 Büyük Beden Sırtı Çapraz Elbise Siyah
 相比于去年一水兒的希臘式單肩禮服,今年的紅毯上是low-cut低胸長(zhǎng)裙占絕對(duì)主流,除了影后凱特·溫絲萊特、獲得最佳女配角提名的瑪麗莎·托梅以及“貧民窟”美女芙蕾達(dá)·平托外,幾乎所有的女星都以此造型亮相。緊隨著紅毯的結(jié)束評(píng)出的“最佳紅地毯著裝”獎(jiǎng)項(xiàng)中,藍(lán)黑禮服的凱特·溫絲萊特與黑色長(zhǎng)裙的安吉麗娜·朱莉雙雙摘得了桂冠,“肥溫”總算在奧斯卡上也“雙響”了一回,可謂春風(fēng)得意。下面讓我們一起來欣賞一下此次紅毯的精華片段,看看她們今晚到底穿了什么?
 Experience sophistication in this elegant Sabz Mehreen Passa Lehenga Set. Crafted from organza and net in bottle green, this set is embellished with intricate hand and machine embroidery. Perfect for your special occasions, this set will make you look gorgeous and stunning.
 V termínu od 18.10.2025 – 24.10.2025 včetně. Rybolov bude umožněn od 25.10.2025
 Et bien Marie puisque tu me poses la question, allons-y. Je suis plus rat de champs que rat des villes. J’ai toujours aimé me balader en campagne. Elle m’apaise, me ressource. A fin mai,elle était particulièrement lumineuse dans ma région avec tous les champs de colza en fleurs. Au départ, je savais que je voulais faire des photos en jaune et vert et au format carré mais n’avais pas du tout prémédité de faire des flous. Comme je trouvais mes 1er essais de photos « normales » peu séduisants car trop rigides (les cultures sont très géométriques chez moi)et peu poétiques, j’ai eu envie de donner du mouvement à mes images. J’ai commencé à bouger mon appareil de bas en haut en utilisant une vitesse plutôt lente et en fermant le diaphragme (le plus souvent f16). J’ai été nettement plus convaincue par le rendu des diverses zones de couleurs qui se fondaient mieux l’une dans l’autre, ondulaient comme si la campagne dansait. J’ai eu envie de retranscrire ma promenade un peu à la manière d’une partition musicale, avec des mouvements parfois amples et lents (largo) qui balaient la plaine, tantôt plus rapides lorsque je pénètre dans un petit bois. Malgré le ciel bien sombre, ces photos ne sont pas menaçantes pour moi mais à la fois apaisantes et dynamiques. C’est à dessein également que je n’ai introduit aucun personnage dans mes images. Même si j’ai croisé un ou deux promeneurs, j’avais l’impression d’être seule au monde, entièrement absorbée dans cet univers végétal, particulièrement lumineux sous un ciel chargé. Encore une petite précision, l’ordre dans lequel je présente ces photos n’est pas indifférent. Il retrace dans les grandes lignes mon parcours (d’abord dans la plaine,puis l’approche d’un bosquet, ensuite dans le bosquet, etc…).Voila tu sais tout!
* * *
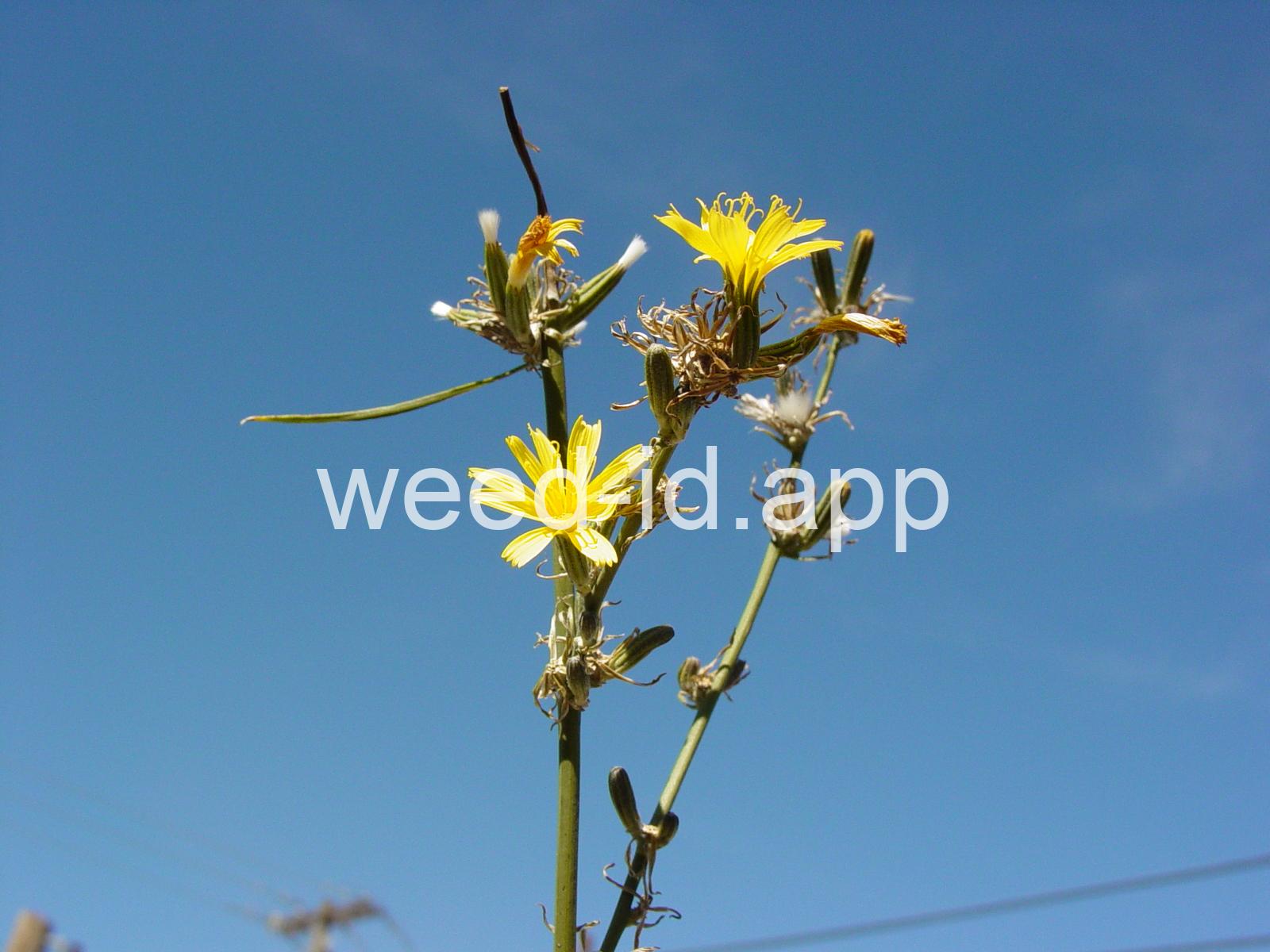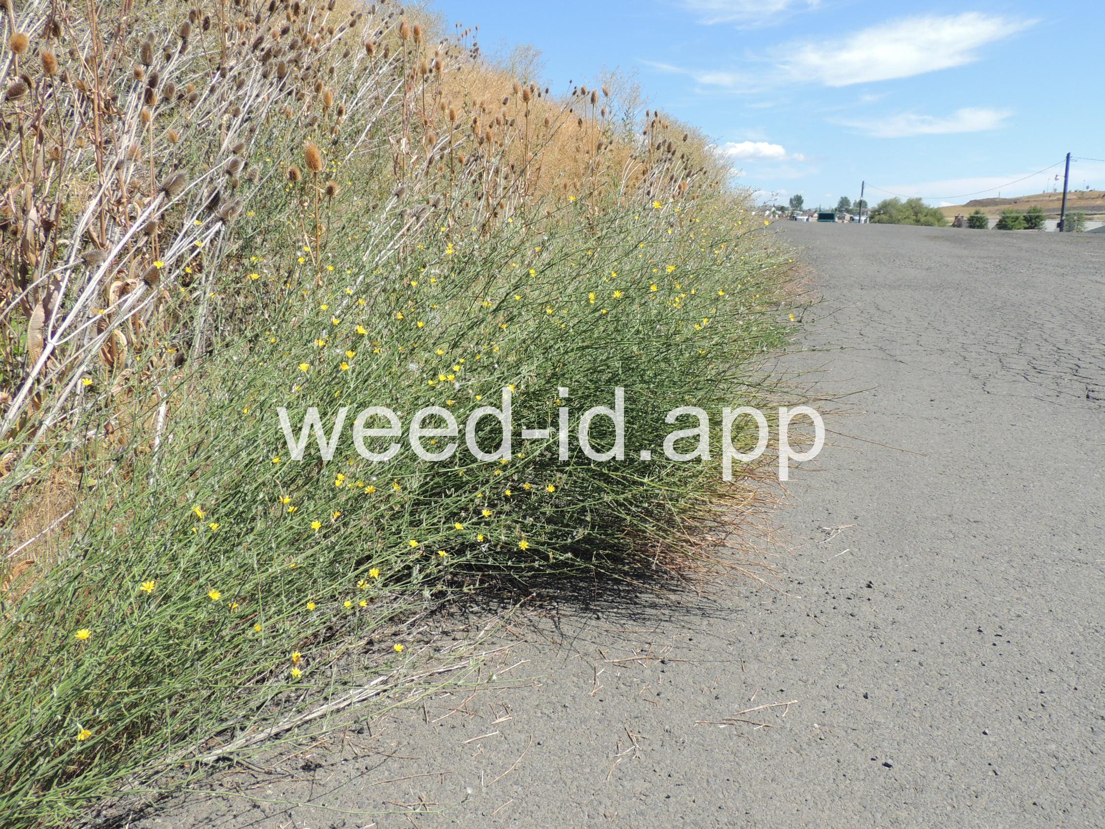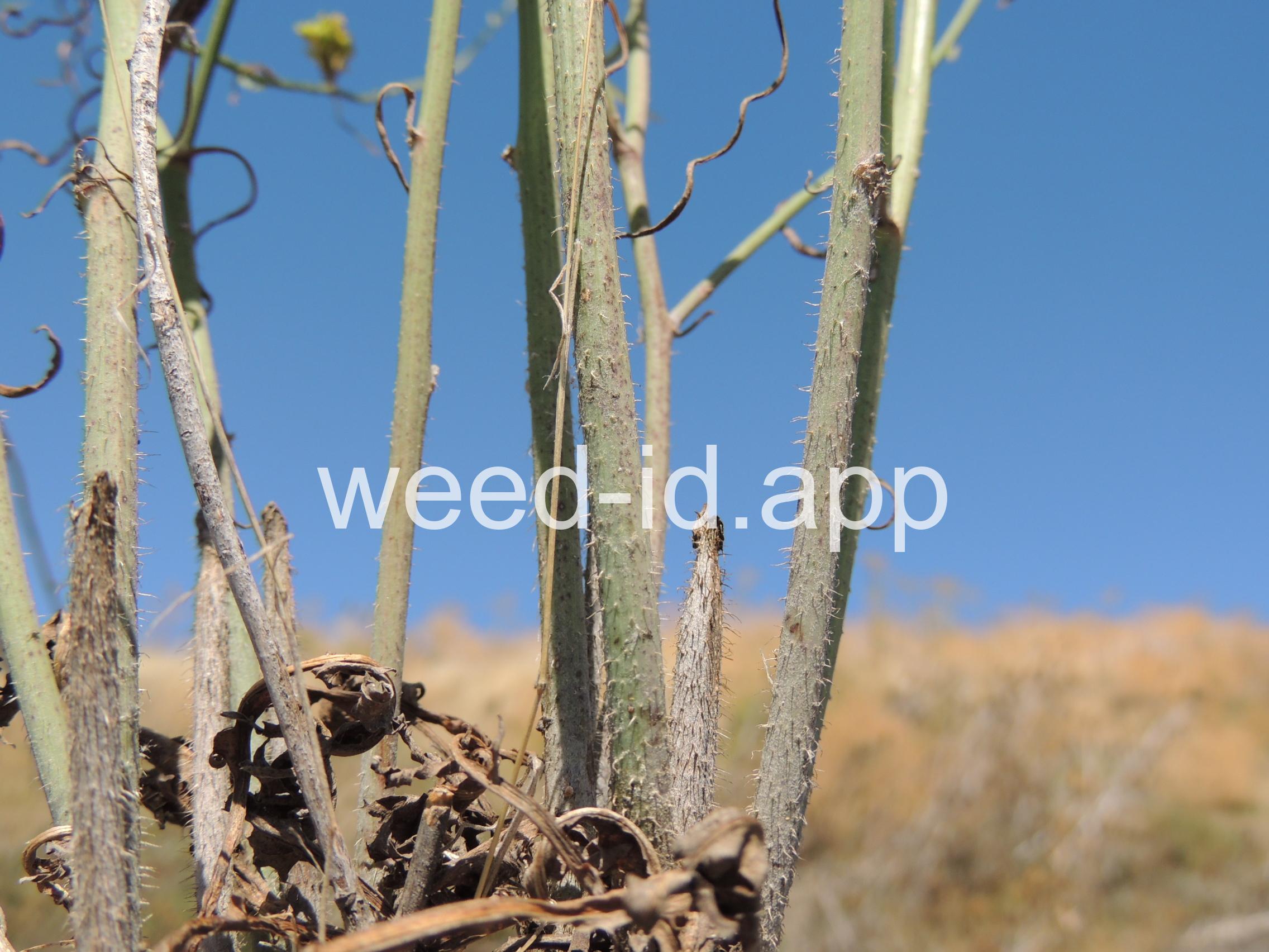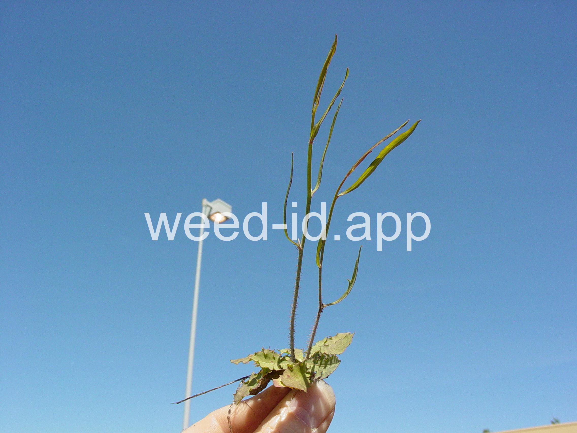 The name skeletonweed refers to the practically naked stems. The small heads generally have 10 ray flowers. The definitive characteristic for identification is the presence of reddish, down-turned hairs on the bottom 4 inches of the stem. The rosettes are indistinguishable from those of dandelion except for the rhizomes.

* YOUR TASK
Only the lines above starting with the one with "Experience sophistication in" and going through the one with "V termínu od" are to be copied, word for word and with both ends kept.

* RESULT OF THE TASK
 Experience sophistication in this elegant Sabz Mehreen Passa Lehenga Set. Crafted from organza and net in bottle green, this set is embellished with intricate hand and machine embroidery. Perfect for your special occasions, this set will make you look gorgeous and stunning.
 V termínu od 18.10.2025 – 24.10.2025 včetně. Rybolov bude umožněn od 25.10.2025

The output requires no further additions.